Die Umgebung in Bioshock Infinite ist ziemlich abwechslungsreich gestaltet. Obwohl fast alles in Columbia stattfindet, bringen verschiedene Handlungsorte wie die Stadt selbst, eine Küste, diverse Gebäude, Gärten und auch ein Friedhof viel Abwechslung in die Handlung. Die Farbgebung ist dabei angemessen angewendet, die heitere Atmosphäre des Festivals erstrahlt in intensiven, warmen Farben, während der Friedhof sich dunkel hält und ein etwas unangenehmes Gefühl vermittelt. Unterstrichen wird dies durch den atmosphärisch passenden Soundtrack, dessen Highlight wohl der Song „Will The Circle Be Unbroken“, eine Coverversion des Country-Klassikers, von Courtnee Draper (Gesang) und Troy Baker (Gitarre) ist.

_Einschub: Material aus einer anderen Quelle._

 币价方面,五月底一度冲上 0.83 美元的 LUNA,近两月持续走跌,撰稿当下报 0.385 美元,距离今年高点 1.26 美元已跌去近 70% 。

Die Levels sind zumeist detailliert erstellt worden. Stellenweise sind die Texturen nicht ganz so qualitativ hochwertig, doch handelt es sich dabei eher um weniger bedeutende Aspekte, so dass das durchaus zu verkraften ist und das Spielerlebnis nicht stört. Die interaktiven Gegenstände und Gebiete sind liebevoll erstellt, konstant relevante Gegenstände wie die Voxophone unterscheiden sich ihn ihrem Aussehen nicht und lassen den Spieler diese sofort erkennen.

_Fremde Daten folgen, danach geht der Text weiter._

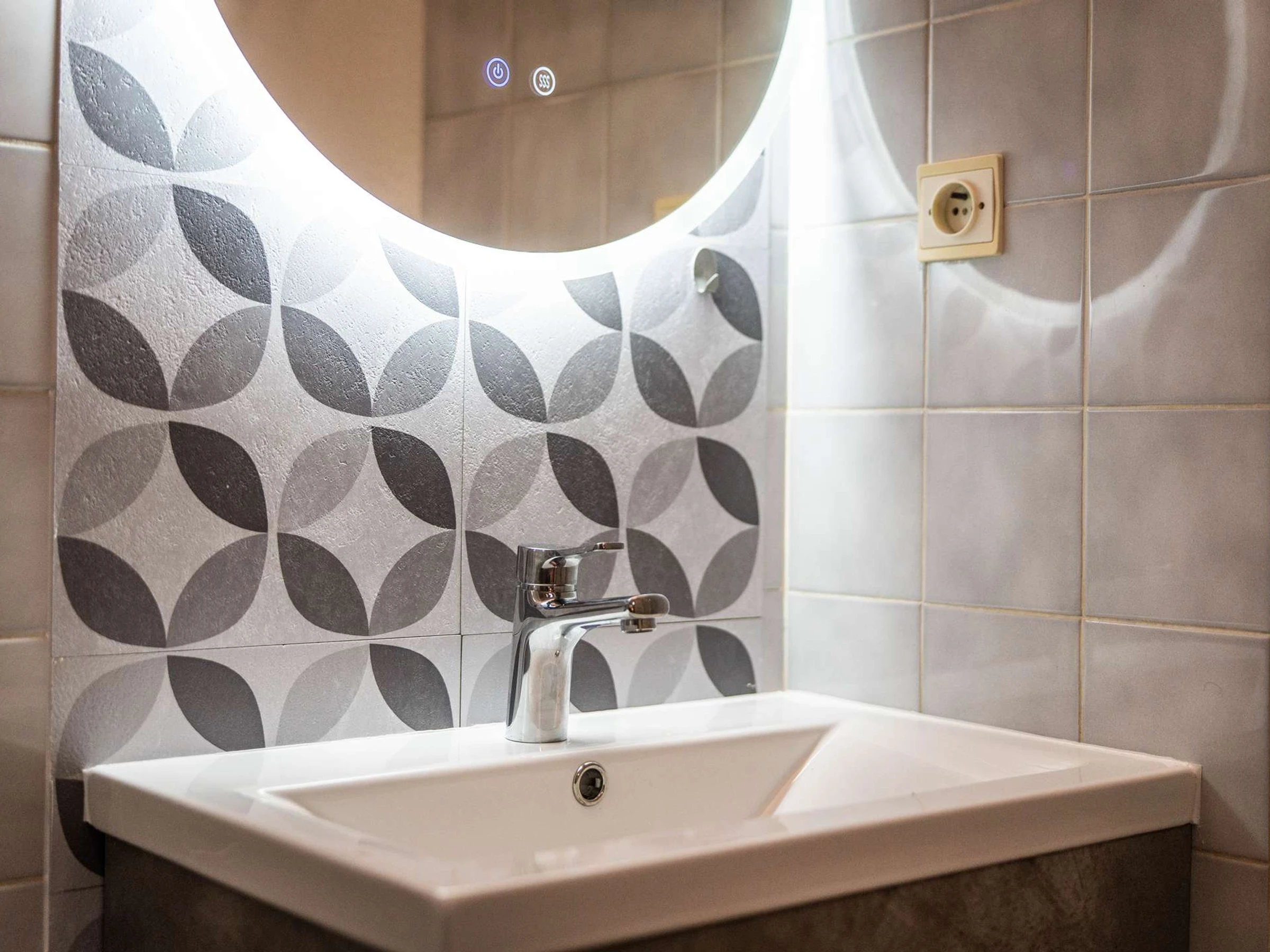 • Ein komfortables Badezimmer (Dusche) mit WC,

Mit welchen Gegenständen man interagieren kann, wird dem Spieler gezeigt. Eine ‚freie Interaktion‘ mit allem was gerade rumsteht ist nicht möglich. Rennt man an dem Mülleimer vorbei, fällt er nicht um. Wägen aus dem Weg schieben geht ebenfalls nicht, stattdessen untersucht man ihn auf Gegenstände, die man vielleicht nutzen könnte und bekommt daraufhin eine eingeblendete Information über die Nutzungsmöglichkeiten und Effekte.

 

 

In Sachen Gegnern gibt es mehr als genug Variation. Von ‚rechtsschaffenden‘ Behörden wie der Polizei und deren diverse Variationen bis hin zu abstrakteren Erscheinungen wie einem Geist begegnen Booker Antagonisten verschiedenster Arten mit unterschiedlichen Fähigkeiten und Schwächen. Endbosse im bekannten Sinne gibt es nur wenige, allerdings bedeutet dies nicht, dass am Ende eines Levels keine Herausforderung besteht. Diese wird durchaus durch Gruppen schwerer zu besiegender Gegner, wie dem Handyman, der Sirene oder aber auch einem Turret, einer Maschinengewehrautomatik, geboten. Gegen Ende des Spiels erhält der Spieler auch Verbündete, welche sich allerdings gegen einen wenden, wenn man diese angreift.

 

– Steuerung und Gadgets

Der Spieler erlebt Bioshock Infinite in der Ego-Perspektive, was auch gut so ist, denn nur besonders dadurch wird das Gefühl für die Welt vermittelt. Dies zeichnet sich durch verschiedene Aspekte wie z.B. die Veränderung der Lautstärke der Umgebung je nach Blickrichtung aus, was zugegebener Maßen heute auch schon ein weit verbreitetes Mittel in Spielen ist.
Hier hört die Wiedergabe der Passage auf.